For employers and HR teams, the key takeaway is to configure your payroll system correctly: annual recalculation for bonuses, pension only on Basic + Housing + Transport, and a full reconciliation before the employer’s annual PAYE return is filed on 31 January. Use our PAYE Calculator to verify individual computations, or explore the Salary Optimizer to structure compensation packages that maximise take-home pay within the law. For complex payroll situations — multiple bonus tranches, expatriate compensation, or gratuity processing — consult a professional from our Tax Professional Directory.

FAQs About PAYE on 13th Month Salary and Bonuses

Is 13th month salary compulsory in Nigeria?

No. Nigeria has no statutory requirement for 13th month salary. It is a discretionary payment made at the employer’s choice, often as part of the compensation package or company policy. Some employment contracts include it; most do not require it by law.

Is a bonus taxed differently from regular salary?

No. There is no separate “bonus tax rate” in Nigeria. Bonuses are added to total annual employment income and taxed through the same NTA 2025 progressive bands (0% to 25%) as regular salary. The effective tax on the bonus depends on the employee’s marginal rate — which is determined by their total annual income including the bonus.

Is pension deducted from my bonus?

No. Under the Contributory Pension Scheme, pension contributions are calculated on pensionable emoluments (Basic + Housing + Transport) only. Bonuses, 13th month payments, overtime, and other irregular payments are not pensionable and should not attract a pension deduction.

Why is my December PAYE so much higher than normal?

If you received a bonus or 13th month salary in December, the additional PAYE covers the tax on that extra payment. If your employer uses the annual recalculation method, the December deduction includes the catch-up for the full year.

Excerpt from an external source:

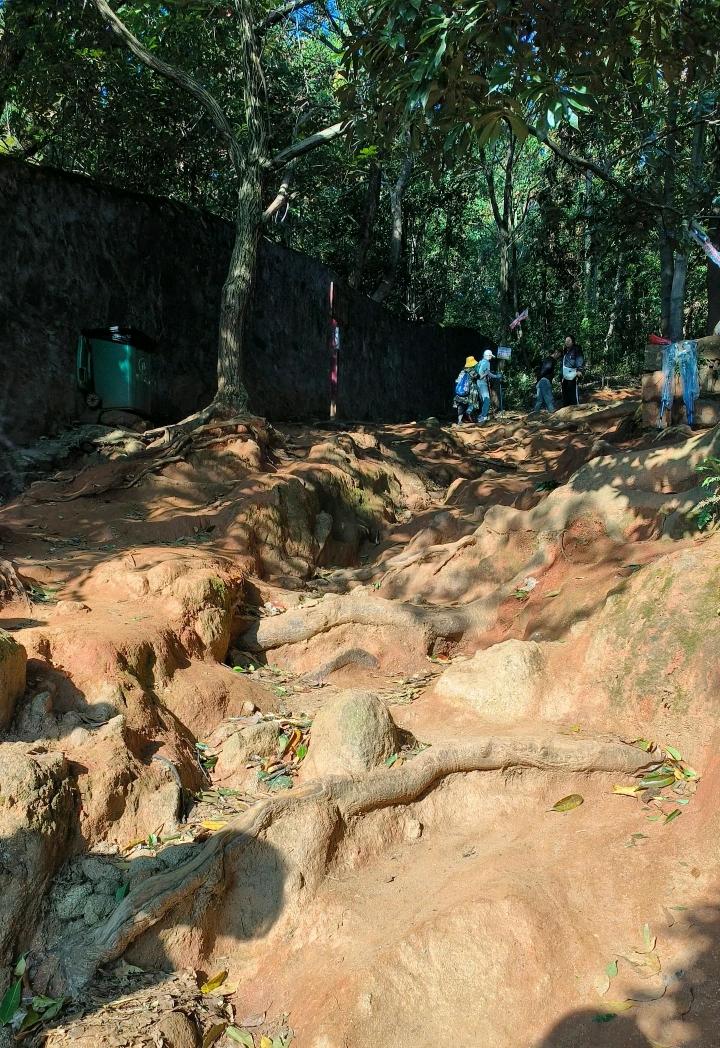 几名老人徒步去爬南昌老四坡,爬到半山腰时,一老太太体力不支,靠在树干上大口大口喘

If the amount seems disproportionately high, your employer may have used the combined monthly method, which can over-tax you. Ask HR to confirm the calculation method and request a correction if needed.

Is gratuity still tax-free?

No. The NTA 2025 removed the previous tax exemption for gratuity. Gratuity is now taxable in the year it is received, at the applicable progressive rates. The only remaining exemption is for compensation for loss of employment or personal injury up to ₦50,000,000.

How should employers handle mid-year bonuses?

The same way as year-end bonuses: add the bonus to projected annual income, recalculate annual PAYE, determine the additional tax attributable to the bonus, and either deduct it in the bonus month or spread the adjustment across the remaining months. The annual recalculation method works regardless of when in the year the bonus is paid.

What if my employer did not deduct PAYE from my bonus?

You are still liable for the tax on the income. When you file your individual annual return (due 31 March), you must declare the bonus and pay any additional tax owed. However, your employer is also at fault — under the NTAA 2025, the penalty for failure to deduct tax at source is 40% of the amount not deducted, which falls on the employer.